OLYMPUS DIGITAL CAMERA
Bangunan dalam keheningan

Rasanya tak ingin aku kembali pulang, tetapi aku harus kembali ke Jakarta siang ini. Bersama para dewa di sini aku mendapatkan banyak pesan dan petuah, untuk kubawa ke tengah para manusia milenial yang mungkin sudah untuk jangan pernah  lupa akan kekayaan budaya bangsanya.

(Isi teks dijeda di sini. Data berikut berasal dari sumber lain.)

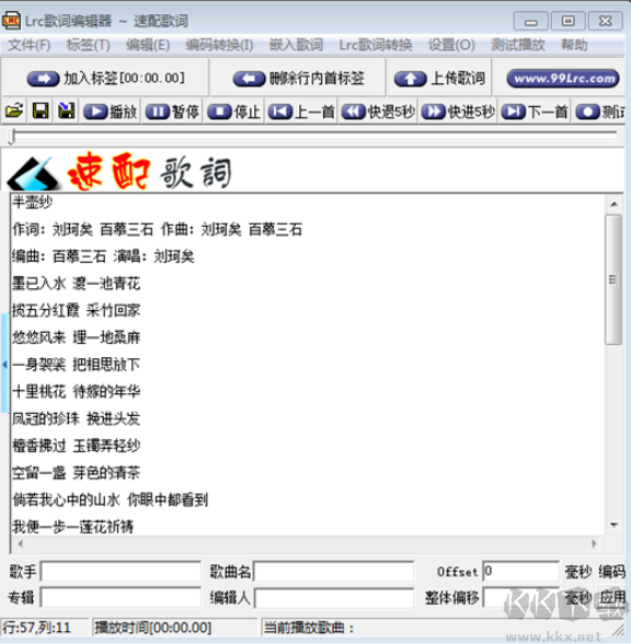 Lrc歌詞編輯器是一款速配歌詞獨(dú)立自主開發(fā)的Lrc歌詞編輯器。該軟件吸收了各Lrc歌詞編輯器的優(yōu)點(diǎn),同時(shí)開發(fā)更多新功能,讓新用戶更容易上手;Lrc歌詞編輯器不但制作Lrc歌詞強(qiáng)大,而且轉(zhuǎn)換歌詞也強(qiáng)大,支持LRC、ID3(LRC)KSC、SNC、SSA、QLY、SMI、TXT、SRT等多種歌詞轉(zhuǎn)換,以及批量歌詞轉(zhuǎn)換,可稱為為目前最強(qiáng)的Lrc歌詞編輯器。

Berlarik-larik cerita dan inspirasi memenuhi rongga kepalaku. Banyak cerita yang aku dapatkan, dan seharusnya sesegera mungkin aku tuangkan dalam aksara. Cerita tentang Leman dengan kesederhanaannya, tentang kegemarannya memakan beras mentah dan tentu saja cerita-cerita mistis serunya. Kesendirian dan kesunyian candinya, senyum ramah penduduknya, cerita mitos anak berambut gimbalnya, akan membuatku selalu merindu untuk kembali ke Dieng. Seperti Henry Miller pernah berkata “One’s destination is never a place, but a new way of seeing things”, aku pun sekarang melihat Dieng dengan pandangan yang berbeda.

6 Replies to “Satu hari di negeri Para Dewa”

    1. Benar, mas. Pesona Dieng tak ada habisnya untuk dijelajahi. Hanya sekarang saking terlalu banyak signage ala ala Hollywod di beberapa tempat wisata malah sepertinya mengganggu.